CQP recipes get the breathing room they earned: the 6.6 % regression rate makes them safer adapter-default candidates than CBR/VBR (re-confirms Research-0063).
Negative:
The 1,915 raw regressions are not all forbidden — only the structural subset is. Reviewers must look up the source-count column before reading too much into a flagged row.
The producer-side schema rename remains tech debt until the SCHEMA_VERSION-3 follow-up; current analysis runs go through a throw-away wrapper.
No CI gate yet; the policy is review-time, not commit-time.

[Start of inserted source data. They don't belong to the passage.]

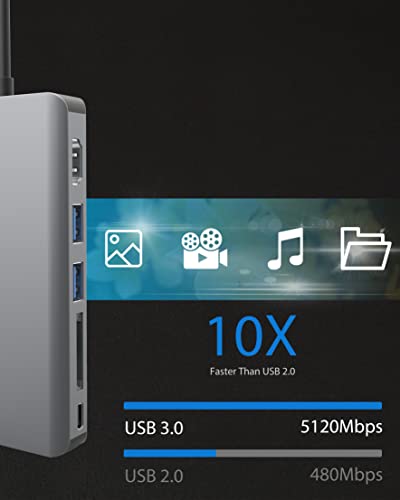 [Hub HDMI USB C]: utilizzo della porta HDMI e dello schermo per lo streaming 4K UHD@30Hz o tutti i HD 1080p@60Hz Il video viene inviato direttamente al televisore HD, allo schermo o al proiettore. Poiché è compatibile con la porta Thunderbolt-to-HDMI, si ottiene un effetto di sincronizzazione video vivido. Ideale per trasferire film HD completi su HDTV, espandere videogiochi su schermo o visualizzare ppt su un proiettore per riunioni in ufficio e intrattenimento.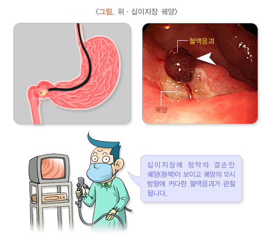 소화성 궤양에 의한 출혈은 임상에서 흔히 볼 수 있습니다. 위상부의 소만부와 십이지장 구부의 후하방은 혈관이 풍부해 이 부위의 궤양이 생기면 쉽게 혈관이 손상되어 출혈이 발생합니다. 궤양은 위산 분비가 많은 경우, 헬리코박터 파일로리 감염, 진통제 등 비스테로이드 소염제를 복용하는 경우에 발생하며, 심장질환, 뇌혈관질환, 만성 폐질환, 간경변증 등 만성적인 질환에서도 잘 동반됩니다.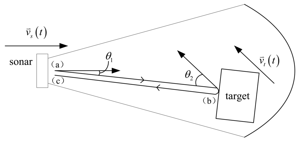 Supposing that an arbitrary signal with an instantaneous frequency of f(t) is transmitted by the sonar, then, only the ultrasonic beam that hits the target and is reflected back to the sonar is considered. The sonar is moving at a velocity vector of at the moment of transmission. The angle between and the beam is θ1. After transmission, f(t) is shifted tof̂1(t) because of the Doppler effect (a) [18]: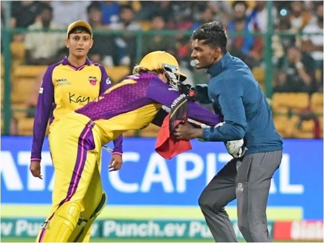 بھارت میں جاری ویمن پریمئیر لیگ (ڈبلیو پی ایل) کے میچ کے دوران ایک تماشائی گراؤنڈ میں گھس آیا جہاں یو پی وارئیرز کی ایلیسا ہیلی نے سکیورٹی کی خلاف ورزی کرنے والے شخص کو پکڑنے کی کوشش کی، جسکی تصاویر سوشل میڈیا پر تیزی سے وائرل ہورہی ہیں۔

A rebase that drops the structural ship-blocker from this ADR silently loses the gate.
Neutral / follow-ups:
Per-codec adapter revisions land as separate PRs (one per codec) for clean bisect signals.
Smaller stratified-sample CI design is tracked under future research-NN once the structural cluster has held across at least one sweep refresh.
ai/AGENTS.md carries the invariant note pointing at this ADR plus the underlying ADR-0305 invariant.

References¶

ADR-0305 — per-slice Pareto stratification methodology (PR #400).
Research-0063 — CQ-vs-VBR finding that motivated per-slice analysis.
Research-0077 — analysis scaffold methodology (PR #400).
Research-0080 — populated findings + recipe-revision proposals (this PR).
ADR-0237 — Phase A harness that produced the sweep.
ADR-0297 — multi-codec dispatcher used for the sweep.
ADR-0301 — --sample-clip-seconds mode used to keep sweep wall time tractable.
Source: req (direct user direction in this session: "identify any tools/vmaf-tune/codec_adapters/* recipe defaults that regress vs the bare encoder at matched bitrate within a slice"; threshold policy paraphrased from the user's structural-vs-fluke framing).